The Sql-Command used to create this LINESTRING, with ST_ShortestLine, is:
INSERT INTO railways
(id,name,geometry)
SELECT
 3 AS id,
 "ShortestLine between 'Ferrovia Adriatica / Roma-Napoli' Railway-Lines ; Distance[121304.141990 meters]" AS name,
 -- geometry is defined as a 'MULTILINESTRING'
 CastToMultiLinestring
 (
  -- Result will be (in most cases) a LINESTRING
  -- - as the shortest distance between Line_1 and Line_2
  ST_ShortestLine
  (
   -- GEOS will search for the nearest position along Line_1 to Line_2
   (SELECT geometry FROM railways WHERE (id = 1)),
   -- GEOS will search for the nearest position along Line_2 to Line_1
    (SELECT geometry FROM railways WHERE (id = 2))
  )
  -- if NOT casted to 'MULTILINESTRING', the 'INSERT' would fail
 )
) AS geometry;

The following Query tells us:
SELECT
 ST_NumGeometries
 (
  -- the Geometry-Collection to count
  ST_DissolvePoints
  (
  -- the 'MULTILINESTRING' to desolve as 'MULTIPOINT'
   (SELECT geometry FROM railways WHERE (id = 1))
  )
 ) AS count_line_1; --returns 1487
  • The Railway-Line Adriaticai (id = 1) contains 1487 POINTs (vertices)
  • The Railway-Line Roma-Napoli (id = 2) contains 1048 POINTs (vertices)
Editoral comment:
If you are getting the impression that    the combination of different Spatial-Functions gives you results,
that you otherwise expected as an Extra-Function, that impression is corrrect.

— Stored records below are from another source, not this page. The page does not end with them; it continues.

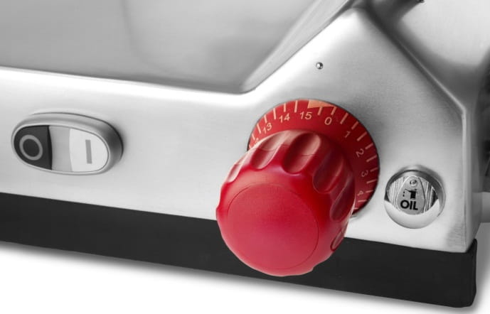 Krajalnica Inoxxi R300 to model ręczny z nożem pochylonym o średnicy noża 300 mm. Przeznaczona do użytku w supermarketach, sklepach i cateringu.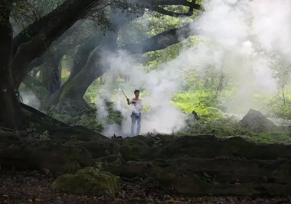靜靜地等待一會(huì)兒,太陽(yáng)出來(lái)了,拍攝時(shí)機(jī)成熟。老王開(kāi)始招呼他的助理——另外兩個(gè)村民,在榕樹(shù)后面開(kāi)始放煙餅。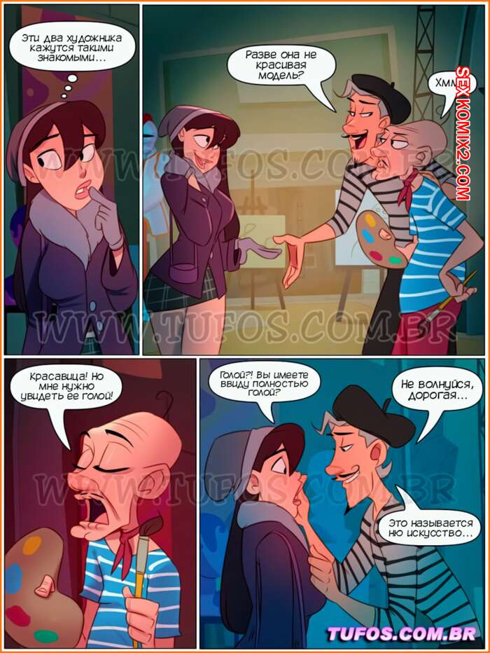 Порно комикс Четверо похотливых. Часть 2. Анинья в Париже. As 4 sacanas. Tufos Горячая брюнетка отправилась в Париж и встретила там двух художников, которые предложили ее нарисовать голой. Девушка разделась, но парни дали ей свои хуи и хорошенько выебали красотку.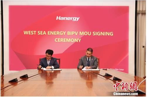 圖:漢能與韓國West Sea Energy在北京舉行簽約儀式

GEOS will search both geometries, search for each, the nearest position to the other (perpendicular distance)
  • for a POINT : this is very simple, the POINT is the nearest position
  • for a LINESTRING : this is more difficult: a position along the LINESTRING
       not necessarily a POINT/vertex inside the LINESTRING
    will be searched for in the segment between each POINT/vertex inside the LINESTRING until the closest is found.
    Only if this fails, will the nearest POINT/vertex inside the LINESTRING be returned.
  • for a POLYGON : its exterior-RING (as a closed LINESTRING) will be searched
Both ST_Distance and ST_ShortestLine use the same logic.
Summa summarum:
Being a very complex CPU operation
  • this should only be done with the likley candidates that the SpatialIndex has returned

ST_Distance will then check if the distance between
the Populated-Place and the nearest POINT on the Railway-Line is less or equal the given range.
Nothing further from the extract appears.